The committee proposed that MARD reduces the MPA by 1,000 hectares. The agriculture ministry rejected the proposal, saying Hòn Cau contains tropical marine ecosystems with high biodiversity, and shrinking it would seriously affect the coral population which survives on a two kilometers long area with nearly 234 types of coral, sea-grass and other rare animals and plants.
But, surprisingly, in February this year, it was announced that up to 10,000 clusters or blocks of corals had been relocated to the Hòn Cau Marine Protected Area to facilitate the dredging of passages for building the plant.
Although it has been reported that the corals were growing well in the new environment, marine experts are not convinced.

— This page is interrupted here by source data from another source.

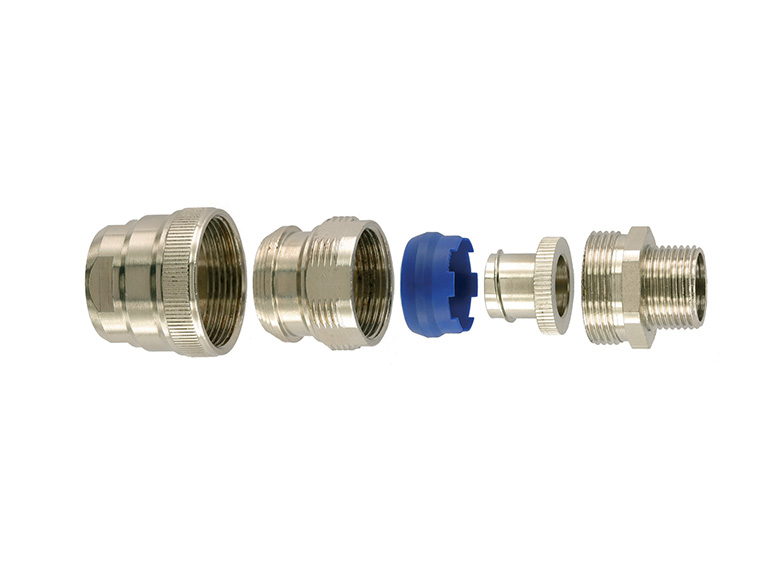 Raccordo dritto LTPB-C in ottone nichelato maschio e guarnizione in elastometro
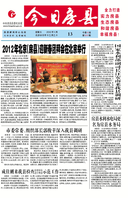 2012年北京(房县)迎新春团拜会在北京举行国家水利部副司长汪安南来我县调研房县水利水电局更名为房县水务局市委常委、组织部长郭俊苹深入我县调研成佳刚来我县检查农村环境连片整治示范工作
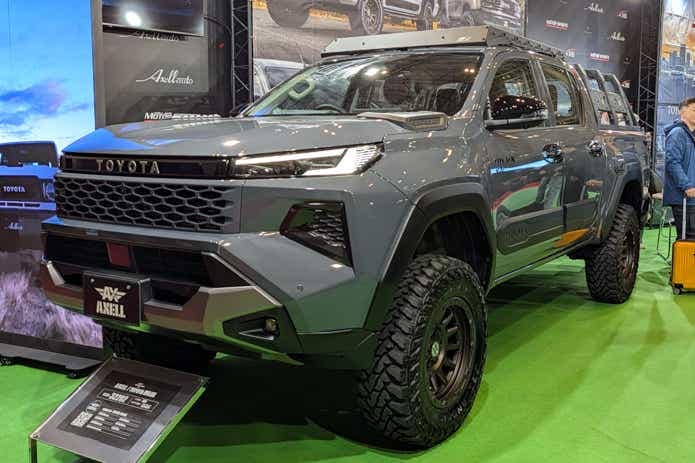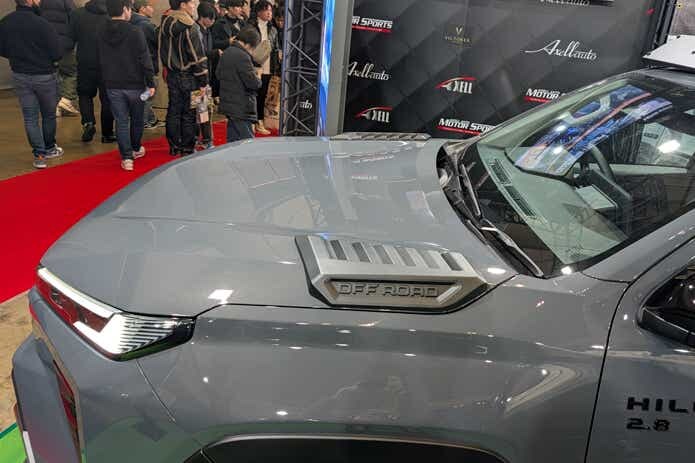2026年年央頃(5月末頃が有力)に発売予定と公式発表されている新型ハイラックスが、一足先にカスタムされて出展されました。
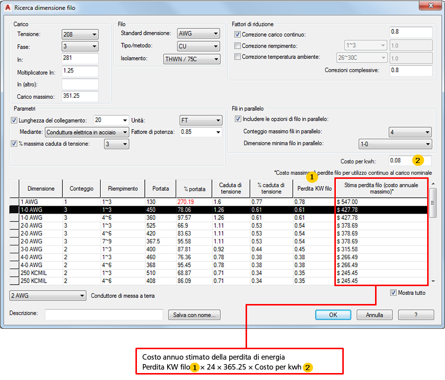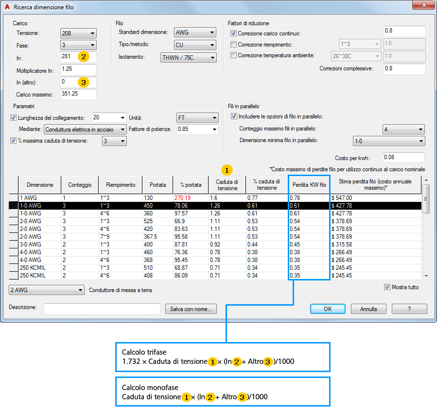 Specificare i parametri del filo e selezionare una dimensione dall'elenco di dimensioni del filo che soddisfano o superano i parametri. Le perdite di energia stimate per dimensione del filo possono fornire informazioni preziose in questa selezione.
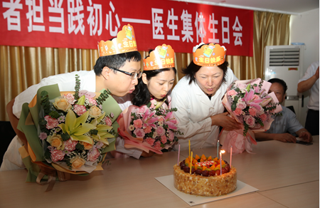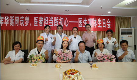8月19日,徐泉、林婷婷、孟祥晖等三位医生是今天的寿星,院领导和职能科室负责人特意为他们举办了集体生日会。院领导亲自为他们送上鲜花,在切蛋糕的时候,三位寿星感动得热泪盈眶,为医院的人文关怀点赞。

They say the relocation of corals will lead to serious impacts on the marine environment, reduce the reproduction of marine creatures in the area and affect fishing.
Many high-ranking officials have repeatedly said that economic development will no longer be pursued at the expense of the natural environment.
Such statements cannot be deployed as rhetorical screen to cover environmentally unsustainable actions, now and in the future.
Last year, the Bình Thuận provincial Department of Natural Resources and the Environment, anticipating the serious impact on the Hòn Cau MPA caused by the waste discharge, asked the investor to find another solution.
Is it too late now?
Is praying all we can do, or don’t we have a prayer?